[Data for this exercise Boundary: Start]

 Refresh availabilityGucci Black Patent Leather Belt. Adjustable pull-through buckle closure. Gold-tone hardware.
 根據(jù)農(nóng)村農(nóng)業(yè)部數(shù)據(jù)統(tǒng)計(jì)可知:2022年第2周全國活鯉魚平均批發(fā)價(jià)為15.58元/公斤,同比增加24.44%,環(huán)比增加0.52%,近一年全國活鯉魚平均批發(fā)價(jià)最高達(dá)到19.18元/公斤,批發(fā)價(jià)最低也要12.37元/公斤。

[Data for this exercise Boundary: End]
[Data for this exercise Boundary: Start]

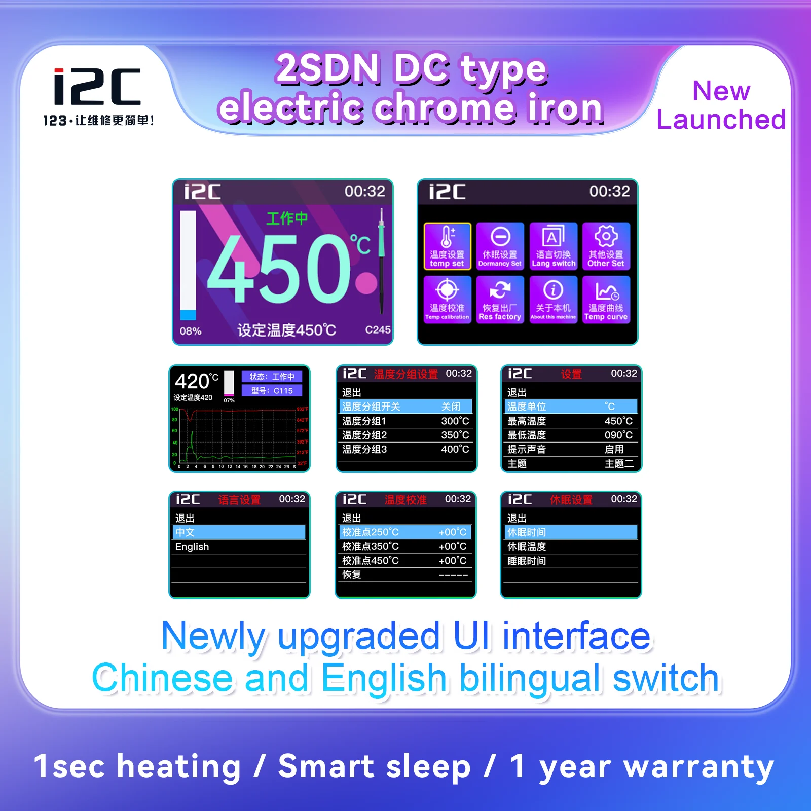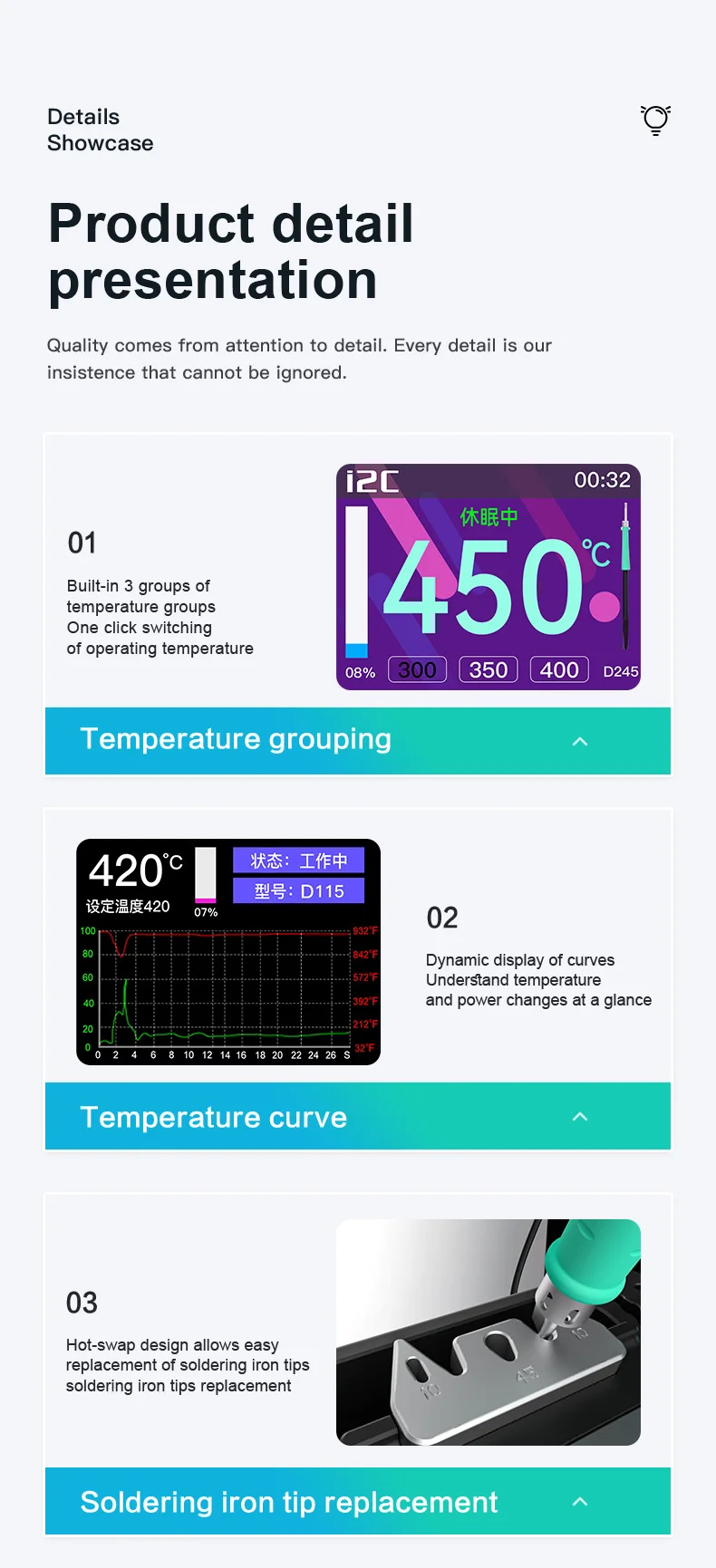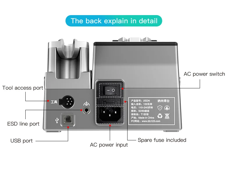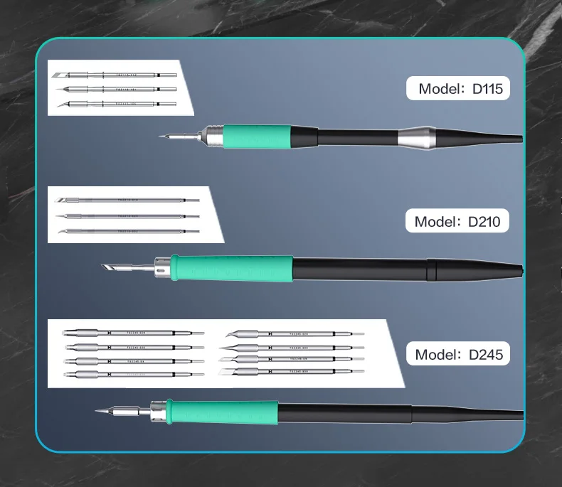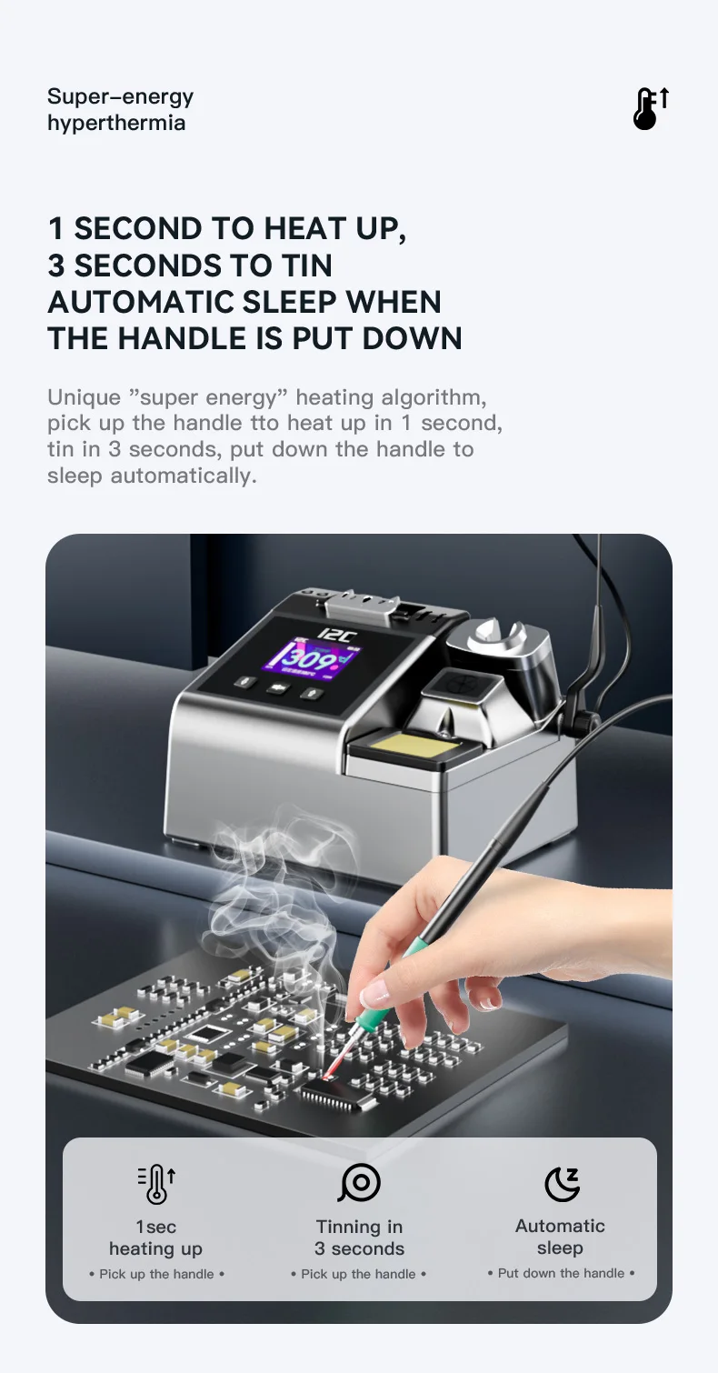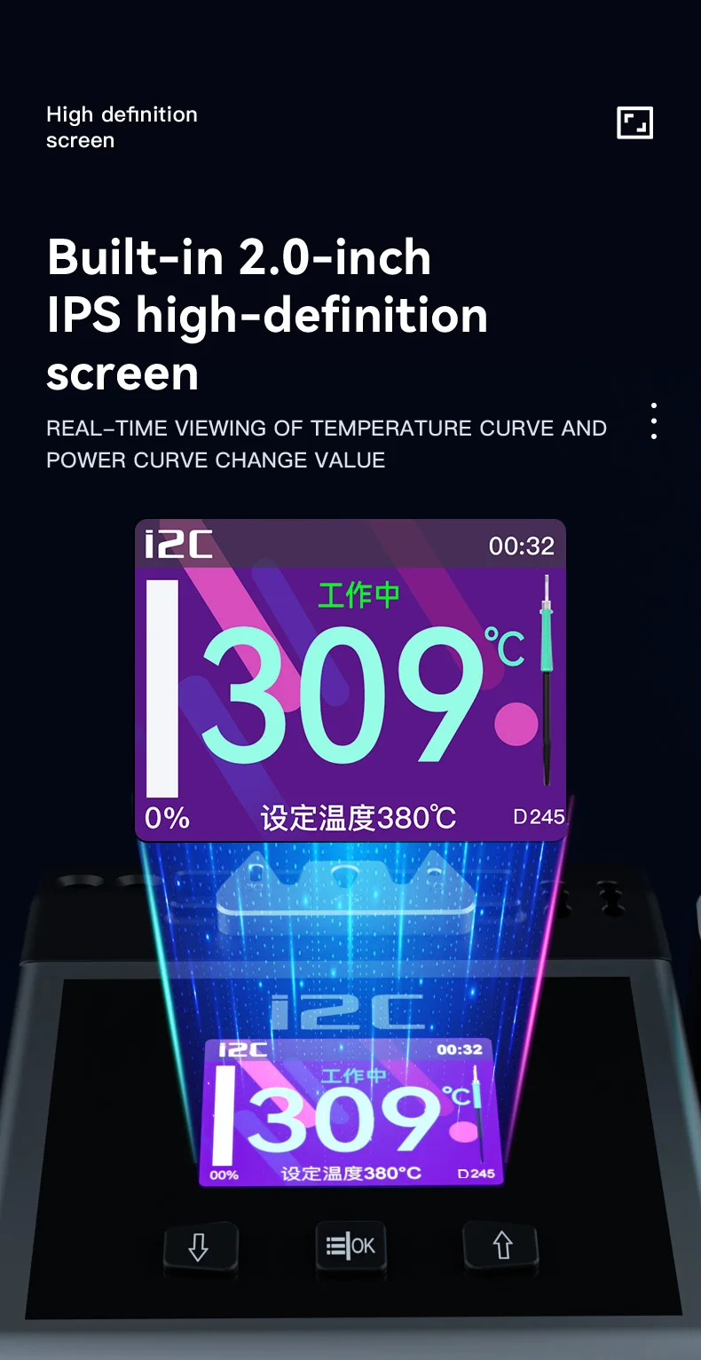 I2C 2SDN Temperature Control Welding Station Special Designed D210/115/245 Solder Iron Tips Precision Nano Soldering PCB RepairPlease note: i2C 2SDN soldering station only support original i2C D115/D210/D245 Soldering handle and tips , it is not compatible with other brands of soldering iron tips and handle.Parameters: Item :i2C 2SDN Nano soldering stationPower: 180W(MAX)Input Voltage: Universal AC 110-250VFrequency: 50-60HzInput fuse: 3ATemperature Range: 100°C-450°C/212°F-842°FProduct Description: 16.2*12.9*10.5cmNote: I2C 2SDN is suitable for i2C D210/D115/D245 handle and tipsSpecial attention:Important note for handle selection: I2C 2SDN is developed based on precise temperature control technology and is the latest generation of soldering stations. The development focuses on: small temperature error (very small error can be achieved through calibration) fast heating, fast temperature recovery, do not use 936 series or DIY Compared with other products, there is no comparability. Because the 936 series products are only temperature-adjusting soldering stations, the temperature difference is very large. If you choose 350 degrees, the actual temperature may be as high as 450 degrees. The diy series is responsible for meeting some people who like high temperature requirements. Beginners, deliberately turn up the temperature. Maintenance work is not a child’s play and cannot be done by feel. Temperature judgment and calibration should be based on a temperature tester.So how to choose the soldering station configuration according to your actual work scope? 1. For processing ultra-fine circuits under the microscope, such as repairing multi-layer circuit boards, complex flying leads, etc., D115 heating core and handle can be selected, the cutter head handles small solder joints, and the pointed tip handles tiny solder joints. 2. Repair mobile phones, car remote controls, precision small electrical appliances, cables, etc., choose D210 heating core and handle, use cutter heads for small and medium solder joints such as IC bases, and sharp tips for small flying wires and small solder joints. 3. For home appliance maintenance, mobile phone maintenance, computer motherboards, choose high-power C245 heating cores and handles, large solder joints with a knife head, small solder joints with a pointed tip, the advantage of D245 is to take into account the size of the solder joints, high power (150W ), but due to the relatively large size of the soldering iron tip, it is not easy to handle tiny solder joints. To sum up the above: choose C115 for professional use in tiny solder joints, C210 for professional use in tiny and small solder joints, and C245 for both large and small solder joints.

[Data for this exercise Boundary: End]

### Task details
Reproduce verbatim the lines above, from the line with "Refresh availabilityGucci Black" through the line with "根據(jù)農(nóng)村".

### Response area
 Refresh availabilityGucci Black Patent Leather Belt. Adjustable pull-through buckle closure. Gold-tone hardware.
 根據(jù)農(nóng)村農(nóng)業(yè)部數(shù)據(jù)統(tǒng)計(jì)可知:2022年第2周全國活鯉魚平均批發(fā)價(jià)為15.58元/公斤,同比增加24.44%,環(huán)比增加0.52%,近一年全國活鯉魚平均批發(fā)價(jià)最高達(dá)到19.18元/公斤,批發(fā)價(jià)最低也要12.37元/公斤。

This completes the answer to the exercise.